West’s Annotated Mississippi Code. Title 63. Motor Vehicles & Traffic Regulations. Chapter 3. Traffic Regulations and Rules of the Road. Article 23. Pedestrians' Rights and Duties

§ 63-3-1111. White canes or guide dogs

(1) Whenever a pedestrian is crossing or attempting to cross a public street or highway, at or near an intersection or crosswalk, guided by a guide dog or carrying in a raised or extended position a cane or walking stick which is metallic or white in color, or white tipped with red, the driver of every vehicle approaching in said intersection or crosswalk shall take such precautions as may be necessary to avoid injuring or endangering such pedestrian, and if injury or danger to such pedestrian can be avoided only by bringing his vehicle to a full stop, he shall bring his said vehicle to a full stop. The word “vehicle,” when used in this section, does not include a train operated on railroad tracks.
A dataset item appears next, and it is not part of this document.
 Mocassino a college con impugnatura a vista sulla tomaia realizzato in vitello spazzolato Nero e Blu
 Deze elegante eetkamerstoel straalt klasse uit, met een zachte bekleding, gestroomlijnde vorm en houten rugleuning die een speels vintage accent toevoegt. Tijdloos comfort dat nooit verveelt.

(2) Nothing contained in this section shall be construed to deprive any totally or partially blind or otherwise incapacitated person, not carrying such a cane or walking stick or not being guided by a dog, of the rights and privileges conferred by law upon pedestrians crossing streets or highways. The failure of such totally or partially blind or otherwise incapacitated person to carry a cane or walking stick or to be guided by a guide dog upon the streets, highways or sidewalks of this state, shall not be held to constitute or be evidence of contributory negligence.

(3) It shall be unlawful for any person, unless totally or partially blind or otherwise incapacitated, while on any public street or highway, to carry in a raised or extended position a cane or walking stick which is metallic or white in color, or white tipped with red.
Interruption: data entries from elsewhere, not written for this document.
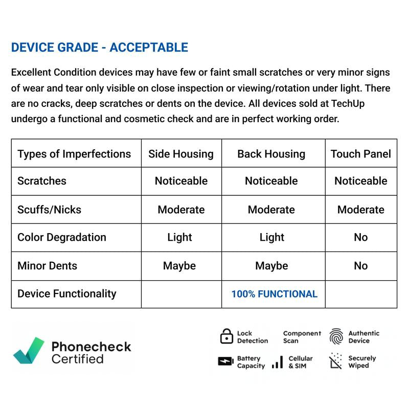 Every phone and tablet undergoes 40+ functionality checks via PhoneCheck diagnostic software. (Verification available on request.)
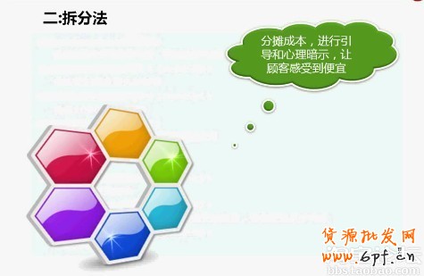 有一些產品的特點是可以拆分來的,比如一些藥品、保健品拆分到每天,或者我們一個產品使用年限長拆分到沒一年,這都是一種拆分法,通過拆分價格分攤到平均的時間段讓顧客感覺到每天、每月、每年使用的價格是非常的便宜。這里也是有個顧客想買保健品,但覺得價位高了,一套要700多呢,顧客也說可以少買兩件,我們當然說可以啦,我們要一定要順著買家的思路和語言來來說,我們要說顧客想聽的話。隨后我們又轉過來給顧客算了筆帳:這產品您可以吃十個月呢,這樣算下來一天才不到三塊錢,試問三塊錢能做什么你,現在人對健康是非常關注的有健康的身體才能賺跟多的錢哦,呵呵!我們只要把這個帳算出來顧客就會覺得是呀一天才三塊錢是不貴,不論是為自己的健康投資還是為家人的健康投資都是非常值得的,顧客也就很爽快的下單了。這就是我們所說的拆分發,很多產品都可以這樣進行拆分的,大家也可以在自己的工作中總結出一定的經驗。
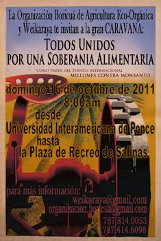 Los invitamos a participar de la caravana Todos Unidos por una Soberanía Alimentaria, a celebrarse el 16 de octubre a las 8 am. El lugar de encuentro será frente a la Universidad Interamericana de Ponce y seguiremos en caravana hacia la Plaza Pública de Salinas. Allí, Carmelo Ruiz orientará a los presentes con la charla Soberanía Alimentaria vs Transgénicos: Esperanza, Resistencia y Acción.
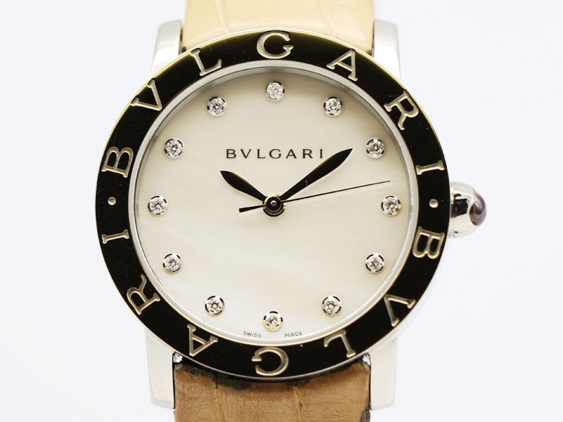 > 【 ブルガリ BVLGARI 】 腕時計 BBL33S ブルガリブルガリ SS/革 自動巻き ダイヤ12P シェル文字盤 ボーイズ □新着 70254-3
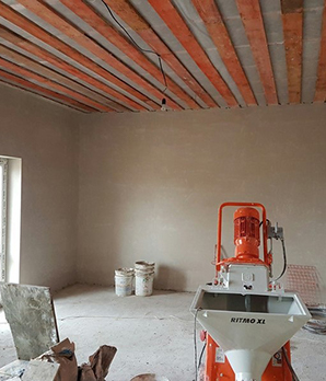 Механизированное нанесение штукатурки это современный подход к внутренней и внешней отделке. Иногда используются гипсовые и известково-гипсовые составы, которые делают стены идеально белыми и поддерживают совершенную геометрию. Помещение будет готово к любой отделке, а иногда используется и без нанесения дополнительных материалов, только лишь с финишной штукатуркой. Автоматика дает возможность быстро разобраться с этим отдельным этапом ремонтных работ. Она используется строителями для обработки площадей любого размера. Такой вид штукатурки более качественный и быстрый, чем выполненный вручную человеком.

(4) The violation of any provision of this section shall be punishable by a fine of not more than Twenty-five Dollars ($25.00) or by imprisonment in the county jail for not more than ten (10) days.

Credits

Laws 1950, Ch. 330, §§ 1 to 4, eff. from and after passage (approved March 29, 1950). Brought forward by Laws 2018, Ch. 341 (H.B. 944), § 9, eff. July 1, 2018.

 

Title 77. Public Utilities and Carriers. Chapter 8. Transportation Network Companies

§ 77-8-31. Nondiscrimination policy; accommodation of service animals

(1) The transportation network company shall adopt a policy of nondiscrimination with respect to riders and potential riders and notify transportation network company drivers of the policy.

(2) Transportation network company drivers shall comply with all applicable laws regarding nondiscrimination against riders or potential riders.

(3) Transportation network company drivers shall comply with all applicable laws relating to accommodation of service animals.

(4) A transportation network company shall not impose additional charges for providing services to persons with physical disabilities because of those disabilities.

Credits

Added by Laws 2016, Ch. 328 (H.B. 1381), § 16, eff. July 1, 2016. Brought forward by Laws 2018, Ch. 341 (H.B. 944), § 10, eff. July 1, 2018.